Mentre i sottomarini tedeschi iniziano a smantellare le sue navi—le scene eccitanti del fuoco di mortaio e dei siluri sono ostacolate da un CGI grossolanamente evidente—Krause sente il peso della sua inesperienza. Alla radio, la voce di un ufficiale tedesco (Thomas Kretschmann) emette minacce:

“Greyhound. Greyhound, Greyhound. Qui parla Lupo Grigio. Diamo la caccia a voi e ai vostri amici Eagle, Dicky e Harry. Guardiamo le vostre navi affondare. Sentiamo le urla dei vostri compagni che muoiono. Quanti ancora ne moriranno, prima di voi? Il Lupo Grigio ha molta fame. Le vostre mogli sapranno che siete morti e piangeranno a lungo prima di finire in braccio ai loro amanti.”

“Guten Morgen, Greyhound. Pensavate di essere sfuggiti al Lupo Grigio? Non è così, e non lo sarà mai. Il mare agevola la caccia del Lupo Grigio, non la fuga del levriero. Voi e i vostri compagni morirete, oggi”.

La storia ritrae così profondamente gli elementi del comando durante la battaglia che il libro fu a lungo usato come testo presso la US Naval Academy.

Non aspettatevi dunque di passare del tempo sotto i ponti esplorando i soliti personaggi stereotipati. Questo film è visto attraverso gli occhi del capitano e del solo capitano. Vengono in mente pochissimi altri film che osano rappresentare la solitudine del comando in modo così chiaro. C’è poco tempo per pensare, non c’è tempo per elaborare o persino per afferrare veramente gli orrori che si incontrano. L’unica cosa presente è la lotta per la sopravvivenza.

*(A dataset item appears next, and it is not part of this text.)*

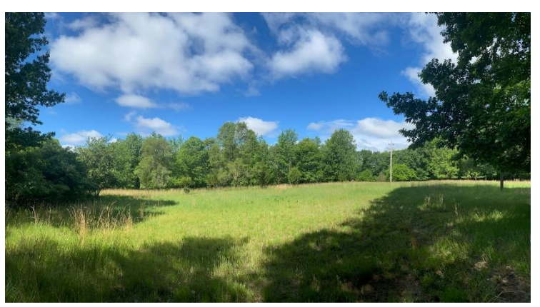
Figure 4: The northern successional field habitat in the 32<sup>nd</sup> Street Property.

this habitat. These specimens represent a new county record, since Giant foxtail has been documented in a few surrounding counties but not Kent County (Michigan Flora database<sup>[1]</sup>). There are also a few species of Violet ( Viola spp.), Common spiderwort ( Tradescantia ohiensis ), Goat's beard ( Tragopogon dubius ), and various other relatively weedy forbs (herbaceous dicots).

La lotta è implacabile e profondamente tecnica. Ci siamo abituati a scene di combattimenti con alcuni frammenti di incomprensibili tecnicismi seguiti da azioni viscerali e personalizzate. Quello che vediamo è ciò ci si aspetterebbe nel corso di una battaglia, inclusa la scena in cui Krause si taglia i piedi su vetri rotti. Il film, come la mente del capitano, è consumato dalle intricate richieste tecniche e personali richieste per dare la caccia a un sottomarino. Questo era chiaramente l’obiettivo qui, e il film è riuscito mirabilmente a mostrare quel particolare aspetto di questo tipo di guerra. Questo non è un modo comune per mettere in scena un film di guerra, ma vale la pena farlo bene in alcune occasioni e questo film raggiunge il suo obiettivo.